Seit 40 Jahren besteht die SuchtHotline München, die sich seit ihrer Gründung zu einer der wichtigsten Anlaufstellen für Suchtkranke, Suchtgefährdete und deren Angehörige entwickelt hat. Rund um die Uhr ist das Telefon der Beratungsstelle besetzt, im Schnitt sucht alle 80 Minuten ein Betroffener den „Draht zur Soforthilfe”. Die Anlässe, um sich an die SuchtHotline zu wenden, sind vielfältig - der Entschluss zur Veränderung, Rückfallgefahr oder die Sorge um einen Angehörigen. Die Anonymität eines Telefonats erleichtert es, über die Sucht zu sprechen. So hat das Angebot der Suchthotline schon viele Menschen auf ihrem Weg aus der Abhängigkeit begleitet und unterstützt.
Die Beratungs- und Therapiestelle unter der Leitung von Dipl.-Sozialpädagoge Christoph-Peter Teich befindet sich seit September unter dem Namen „Tal 19 Am Harras” in der Albert-Roßhaupter-Str. 19 in Sendling. Katharina Sörries sprach mit Christoph-Peter Teich über die SuchtHotline.
Obwohl es auch eine Mail-Adresse gibt, erreichen die meisten Anfragen Sie per Telefon. Wer ruft bei Ihnen an? Sind das alle direkt Betroffene?

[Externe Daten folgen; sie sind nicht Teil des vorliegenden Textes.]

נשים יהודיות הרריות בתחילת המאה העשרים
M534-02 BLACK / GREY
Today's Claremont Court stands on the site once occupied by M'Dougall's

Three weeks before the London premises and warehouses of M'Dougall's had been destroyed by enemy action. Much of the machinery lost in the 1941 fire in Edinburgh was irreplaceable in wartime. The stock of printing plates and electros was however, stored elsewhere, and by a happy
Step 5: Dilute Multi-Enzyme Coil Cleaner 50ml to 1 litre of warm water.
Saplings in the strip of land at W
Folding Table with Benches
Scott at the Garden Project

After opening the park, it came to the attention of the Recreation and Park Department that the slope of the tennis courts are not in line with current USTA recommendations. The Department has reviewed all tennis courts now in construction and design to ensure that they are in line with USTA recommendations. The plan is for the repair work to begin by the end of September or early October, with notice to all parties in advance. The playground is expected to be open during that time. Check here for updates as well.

Christoph-Peter Teich: Mehr als die Hälfte der Anrufer sind direkt Betroffene, die Hilfe suchen. Aber bei einem sehr großen Anteil handelt es sich um Angehörige, die ja oftmals mehr leiden, da sie sich nicht durch das Suchtmittel „wegbeamen“, sondern die Realität klarer vor Augen haben.

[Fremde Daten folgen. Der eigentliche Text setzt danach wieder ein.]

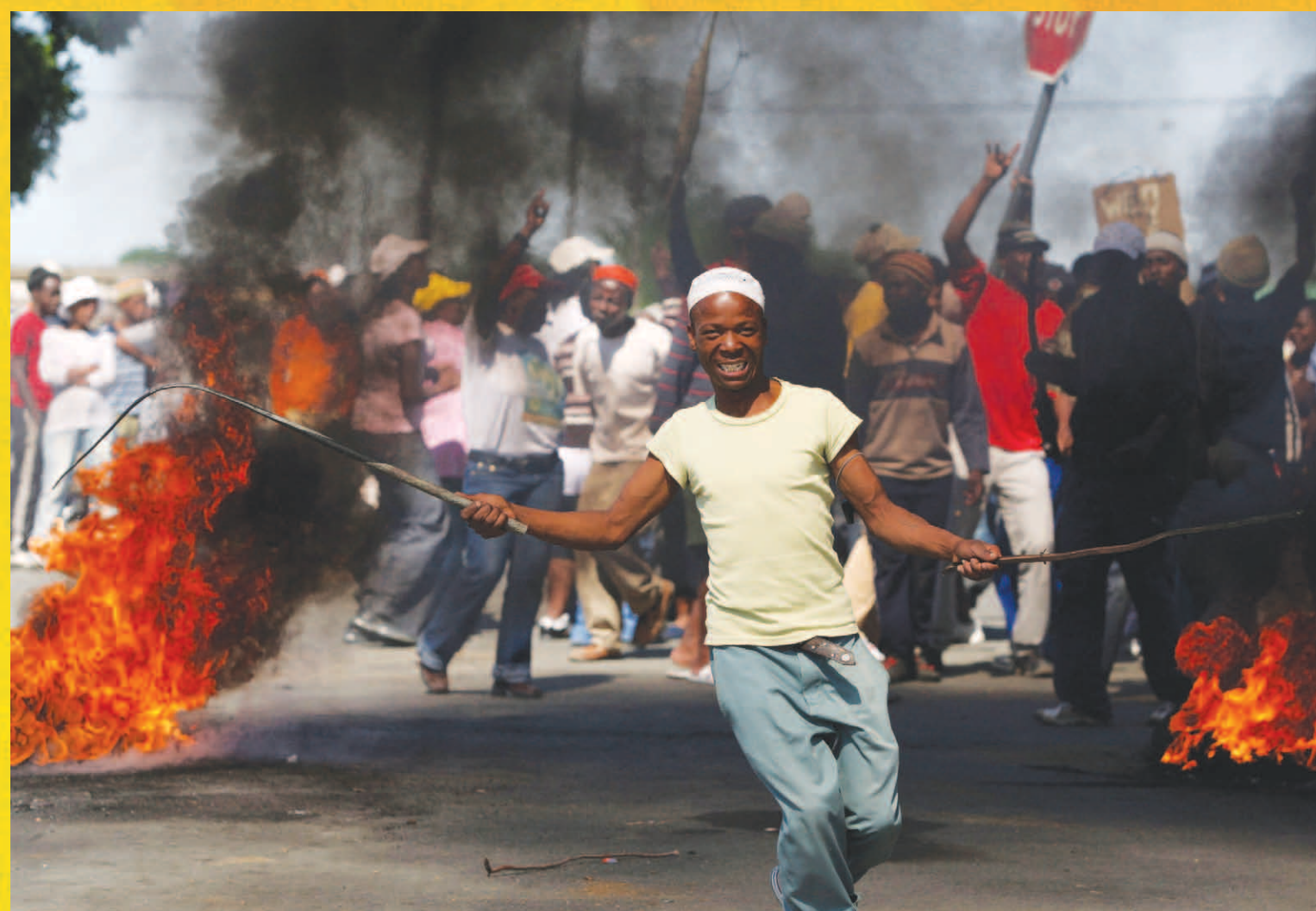
South Africa: Protest in Sakhile Township against poor living conditions, 2009.

No more generations of our youth, here and all around the world, whose life is over, whose fate has been sealed, who have been condemned to an early death or a life of misery and brutality, whom the system has destined for oppression and oblivion even before they are born. I say no more of that.
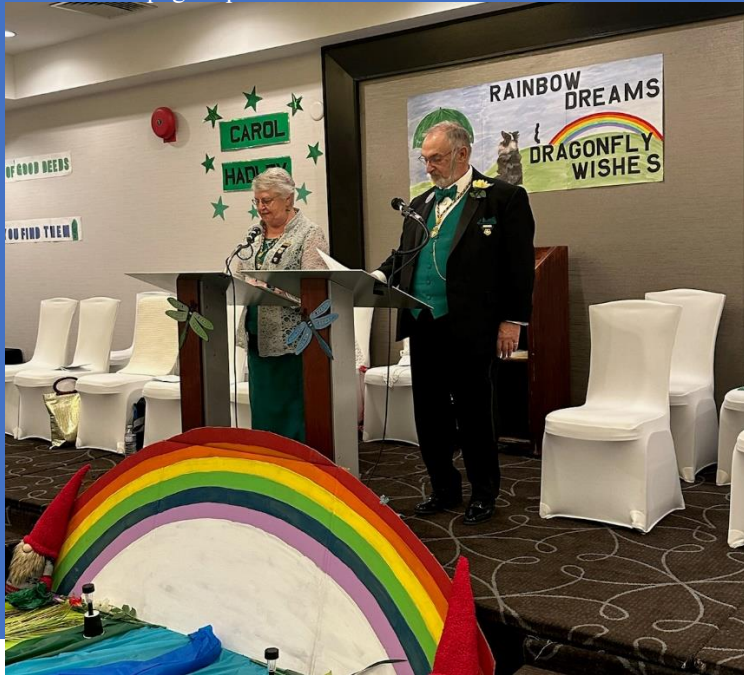
Grand Session of Grand Chapter Order of the Eastern Star, May 26 to 29, 2024 Hilton Winnipeg Airport Suites
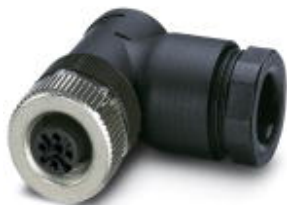
Connector, 4-position, Socket angled M12, A-coded, Screw connection, Knurl material: Zinc die-cast, nickel-plated, Cable gland Pg11, External cable diameter 8 mm ... 10 mm

Please be informed that the data shown in this PDF Document is generated from our Online Catalog. Please find the complete data in the user's documentation. Our General Terms of Use for Downloads are valid ( http://phoenixcontact.com/download )
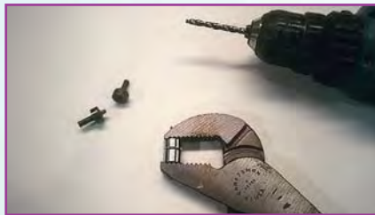
Homemade dimpling tool.

Also, due to the thin outer cabin skin, it is not a good idea to countersink the mounting holes with a cutting type countersink. Two things can happen:
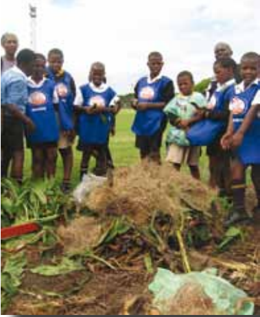
Isinyathelo 9: Utshani obusikiwe obomile

Qaphela: Udoti wasekhishini kufanele umbozwe ngokushesha ukuze kunciphe izilwanyana nephunga.
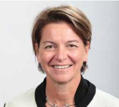
Martha Hall Findlay Director, Toronto
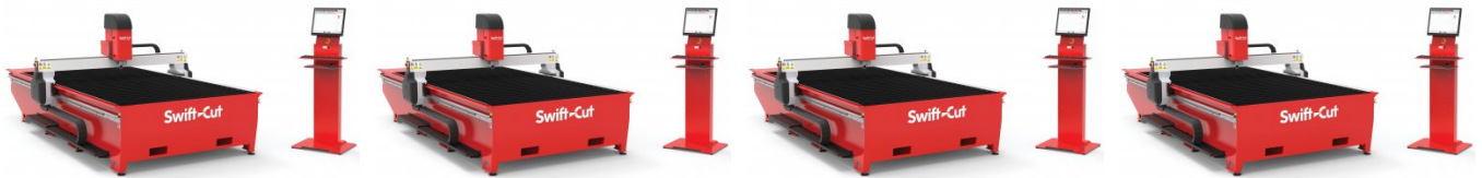
P9033 CNC Plasma Cutting Table
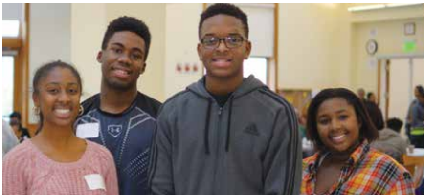
B.E.S.T. Upper School Students
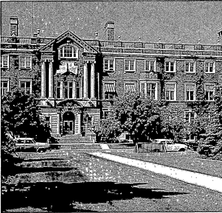
Building of the Faculty of Arts, University of Alberta
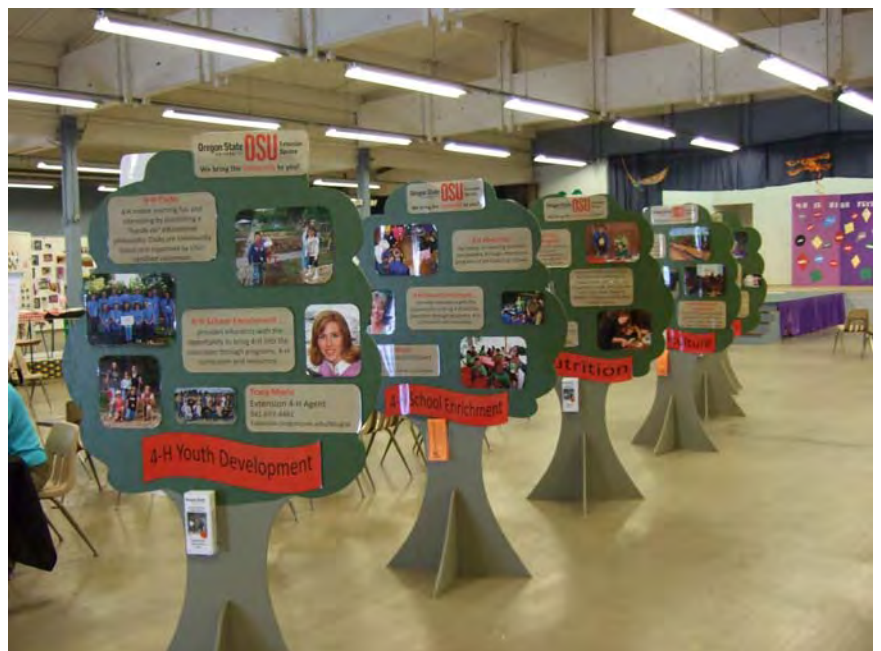
Extension Service display at the Douglas County Fair
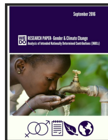
DOWNLOAD: Gender & Climate Change: Analysis of INDCS
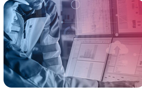
Schools & Workshops
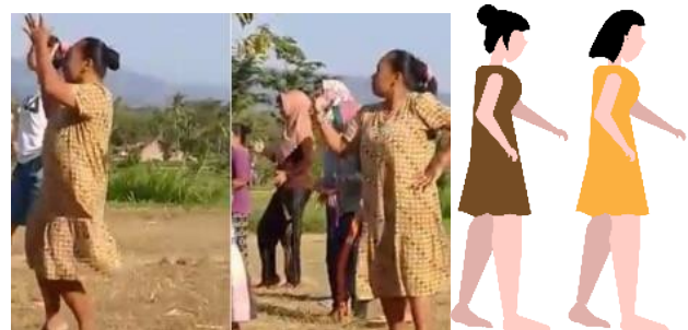
Figure 6. Parents who accompany their children in Sabangkit and the character's interpretation of the mother

Children who have become students wear kebaya, cloth, and a shawl. For the visual interpretation of the character, she is depicted using a shawl (see Figure 5).
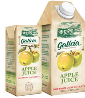
Apple juice 0,2L, 0,5L
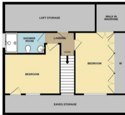
1ST FLOOR 719 sq.ft. (66.8 sq.m.) approx.
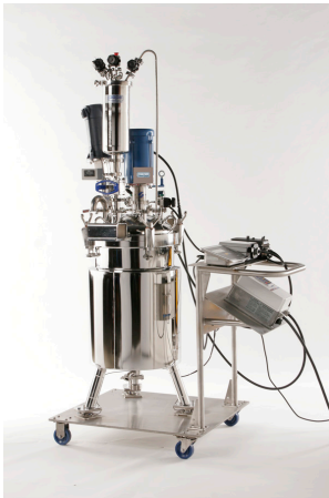
Portable Pressure Vessel Compounding System, made of stainless steel with a 30 Gallon (100 Liter) vessel with offset homogenizing assembly and variable speed stirrer assembly. Complete with a flanged bottom, load cells, tachometer, the unit sits on a stainless steel cart complete with casters, handle and brakes.

Compounding vessels to consist of 25 liter and 50 liter postable suspension vessels with mixing systems. Mounted on carts with pneumatic device to raise and lower removable heads.
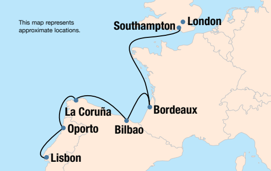
This map represents approximate locations.

Um welche Arten der Sucht geht es bei Ihnen? Gibt es einen großen Unterschied zwischen Jung und Alt?
Christoph-Peter Teich: So ganz grob lässt sich sagen: Alkohol ist die Droge der Generation 40+, da sich eine Abhängigkeit meistens schleichend entwickelt und die Sucht erst nach einigen Jahren entsteht. Bei Drogen kann das deutlich schneller gehen. Daher sind es oft junge Erwachsene, die sich deshalb an uns wenden.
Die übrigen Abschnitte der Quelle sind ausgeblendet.